Design by:  Carlo Rossi 
P
ublisher:  Amigo / Mayfair
3 – 5 Players, 45 minutes
Review by:  Greg J. Schloesser 

Note:  This review first appeared in Counter magazine.

I had heard absolutely nothing about this Carlo Rossi game, and was surprised to find it on my doorstep in a parcel from Mayfair Games.  The impressive cover artwork and theme intrigued me, and I was interested to see what clever concoction lie within. 

The theme certainly is familiar:  a group of Adepts competing in a contest of Alchemists, each hoping to concoct and replicate the most valuable potions.  I have seen this theme in numerous other games, but I guess it is an intriguing one as it continues to resurface.  

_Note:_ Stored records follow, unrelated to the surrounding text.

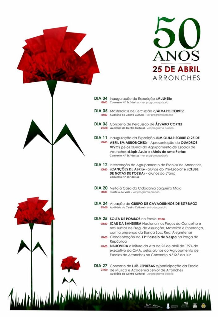 No dia 25 de abril, Arronches assinala o 50.º aniversário da Revolução dos Cravos com a solta de pombos no Rossio, pelas 9h00, um ato simbólico de paz, seguida do içar da bandeira nacional nos Paços do Concelho e nas Juntas de Freguesia de Assunção, Mosteiros e Esperança, acompanhada pela Banda da Sociedade Recreativa Musical Alegretense. Ainda nesta manhã, a Praça da República, no centro da vila, recebe a concentração do 11.º Passeio de Vespa e, pelas 16h00, o Convento de Nossa Senhora da Luz será palco da iniciativa BIBLIOVIDA, com a leitura da Ata de 25 de Abril de 1974 do executivo da CMA pelos alunos do Agrupamento de Escolas de Arronches.
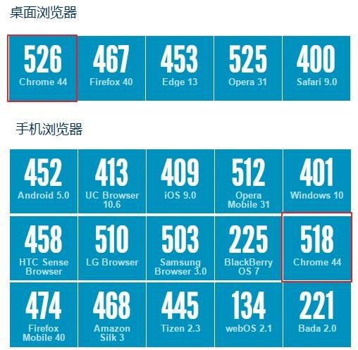 當前各大浏覽器對HTML5支持情況(滿分是555分),http://html5test.com/
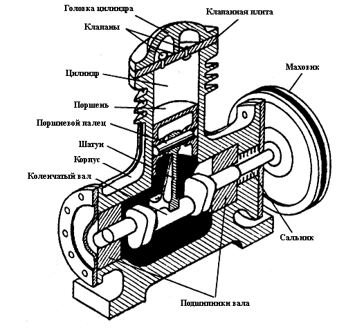 В турбокомпрессорах газ сжимается вследствие неподвижной и вращающейся решетками областей. Объемные компрессоры так называются потому, что во время работы в них меняется объем камеры, в которой сжимается газ. Это самый распространенный тип компрессоров. Основными среди них являются те, в которых происходит процесс сжатия за счет работы поршня в цилиндре, а также машины, в которых сжимающий элемент вращается. Их еще называют роторными.
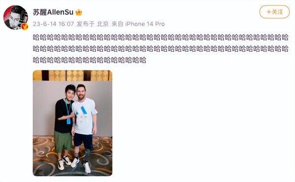 据点时新闻报道,6月14日,苏醒晒出了自己与“球王”梅西的合影,更是配文88个“哈”,字里行间尽显兴奋和激动。
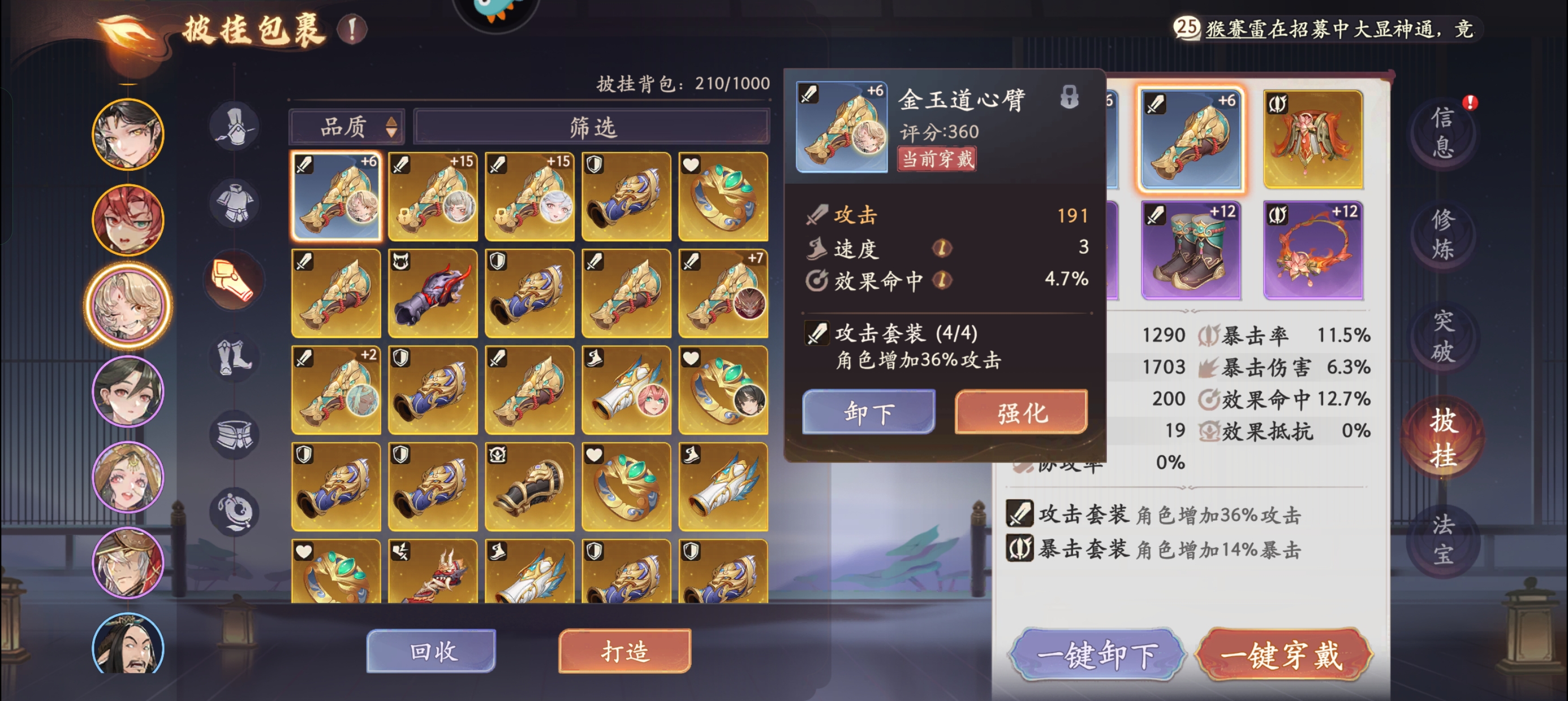 换回【暴伤套】。算上手臂主属性141点攻击加成。

The large board depicts ten cauldrons, upon which can be placed 1 – 5 ingredients each.  Each cauldron also depicts two ingredients that will be produced when the potion is made.  A scoring track rings the board.  A large assortment of five different ingredients, represented by, of course, wooden cubes, is sorted, and a mixture is placed into a cloth bag.  Each player draws an initial supply of twelve cubes, and depending upon the number of players, a few will remain in the bag.  This assortment of ingredients is hidden behind the players’ privacy screen.  Each player also receives five seal stones, which they will use to mark the potions they create.  In addition, each player receives a secret “school ingredient” card, which depicts one unique ingredient.  Players will attempt to use this ingredient frequently, and cause their fellow competitors to use the ingredient as well.  Bonus points are awarded at the end of the game to the players whose ingredients were used the most in the making and replication of potions.  Finally, potion tiles with values 1 – 10 are arranged by the board, and the contest begins. 

A player has three options on his turn: 

1)      Create a new potion.  To do this, the player places one-to-five ingredients on an empty cauldron, and then chooses one of the potion value tiles to place upon it.  There are a few rules that must be observed when creating a new potion:

a.       The potion must be unique.
b.      No ingredient may be used more than twice.
c.       An ingredient may not be used if it is also produced by that recipe.

When a player creates a potion, he receives the two ingredients it produces from the general supply and earns points equal to the value of the potion.  One would think that the obvious choice would be choosing the highest valued potion tile remaining so that these points can be earned.  However, a player may never replicate his own potion, so those points will never again be scored by the potion’s creator.  So perhaps a lower value is appropriate?  Choosing a lower-value tile, however, will not be very enticing for others to make, and you want others to replicate your potion as you will receive one of the ingredients they use when making it.  Plus, if you made a potion using your secret school ingredient, you want others to make that potion so that ingredient will be used and depleted.  Choosing the value tile is, indeed, a tough decision.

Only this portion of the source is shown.